On September 29th, thousands of women took to the streets of major Brazilian cities and declared #EleNão (#NotHim). According to organizers, 150,000 people marched in São Paulo alone.

But much like conservative white women still supported Trump even after the whole pussy grabbing tape blew up in the news, there’s been an increase in support for Bolsonaro from women. 

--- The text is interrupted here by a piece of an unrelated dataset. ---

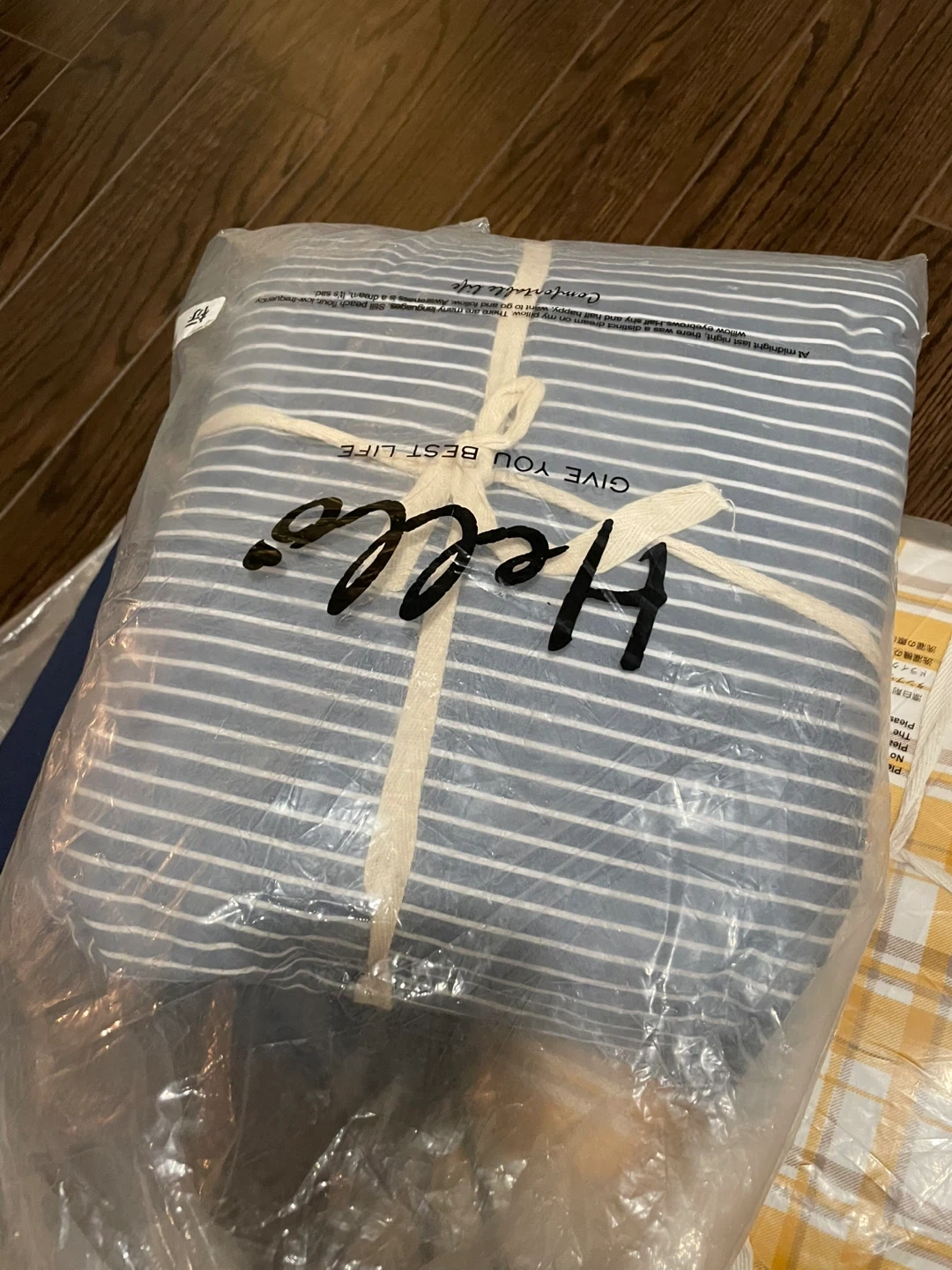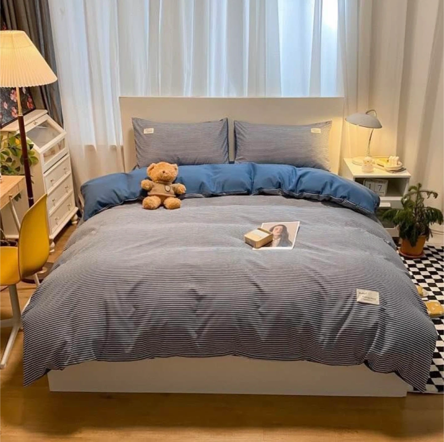 Bedding set Queen size 1.6x2m. It includes a duvet cover , mattress cover and two pillowcases. The fabric is soft and comfortable, perfect for a cozy bedroom.

His Opponent: Fernando Haddad

Lula was replaced on the ballot in September by 55-year-old Fernando Haddad after a court barred Lula from running. Former Minister of Education under Lula and Rouseff and former mayor of Sao Paulo, Haddad has an entirely different record with LGBTQ people than Bolsonaro. As Minister of Education, Haddad launched an anti-homophobic bullying initiative in schools that was eventually suspended by Rouseff. On the campaign trail, he pledged to be an ally for LGBTQ people and promised to criminalize homophobia and transphobia. He also plans to roll out a nationwide program like the one he launched in Sao Paulo in 2013 called Transcidadania, which helps transgender people complete their education and professional training.

Haddad currently trails behind Bolsonaro in the polls, 41 percent to 59 percent.

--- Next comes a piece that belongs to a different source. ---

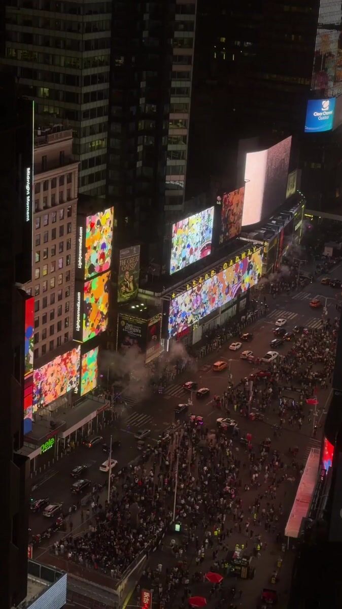 Topics: times square, aerial view, night crowds, street traffic, nightlife, urban activity, city center, pedestrian, tourism, urban
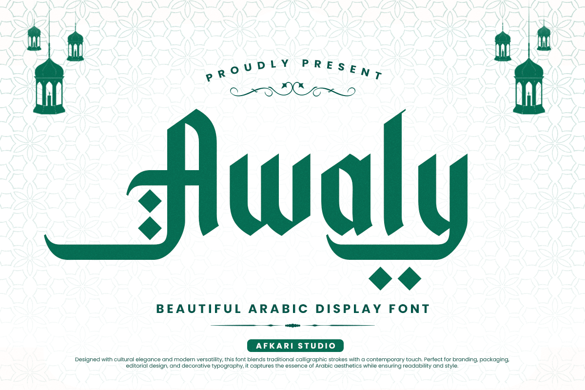Awaly is a beautifully crafted Arabic-style typeface that blends traditional calligraphic elegance with modern versatility. Designed to capture the fluidity and grace of Arabic letterforms, this font is perfect for branding, packaging, headlines, posters, and Islamic designs.

How Brazilian Straddlers Are Affected

Autostraddle commenter Carol Almeida is a lesbian journalist and Ph.D. cinema student who lives in Recife, in the northeast of Brazil. Almeida is concerned for herself and her community with the rise of attacks from far-right Bolsonaro supporters; she says many of her family members don’t see Bolsonaro as a threat to their lives and don’t take his hate speech seriously.

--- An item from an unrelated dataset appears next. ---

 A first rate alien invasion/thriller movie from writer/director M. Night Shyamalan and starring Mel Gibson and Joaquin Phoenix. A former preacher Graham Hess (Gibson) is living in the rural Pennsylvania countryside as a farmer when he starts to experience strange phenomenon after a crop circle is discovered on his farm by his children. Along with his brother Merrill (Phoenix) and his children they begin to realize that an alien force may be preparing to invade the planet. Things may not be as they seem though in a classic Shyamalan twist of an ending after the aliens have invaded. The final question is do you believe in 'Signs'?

“I can’t hold my girlfriend’s hand in public now, and all of this happened too fast,” Almeida wrote in a comment on Autostraddle. “They want to kill us and although we’ll resist until the very end, it’s truly devastating having this feeling we’re about to enter another war in a continental country where millions and millions of people are voting against their own lives. I don’t wish this to anyone.”

She tells me over email the election season has taken a toll on her body; she’s been to the hospital twice in the last week due to pain all over her body from stress and anxiety and was given a fibromyalgia diagnosis while many of her friends are “experiencing distinct processes of depression.”

“I think this will be a very very dangerous country to all of us in the LGBT community,” she wrote in an email. “In addition to losing our rights, our greatest fear is that [Bolsonaro’s] government can trigger a process of violence against the community that won’t receive any type of punishment, since there will be no law to protect us.”

Almeida’s hope is that she and her community can survive the election outcome without losing their love for life. “I spent the day with some of my closest friends today and we made a pact to never give up.”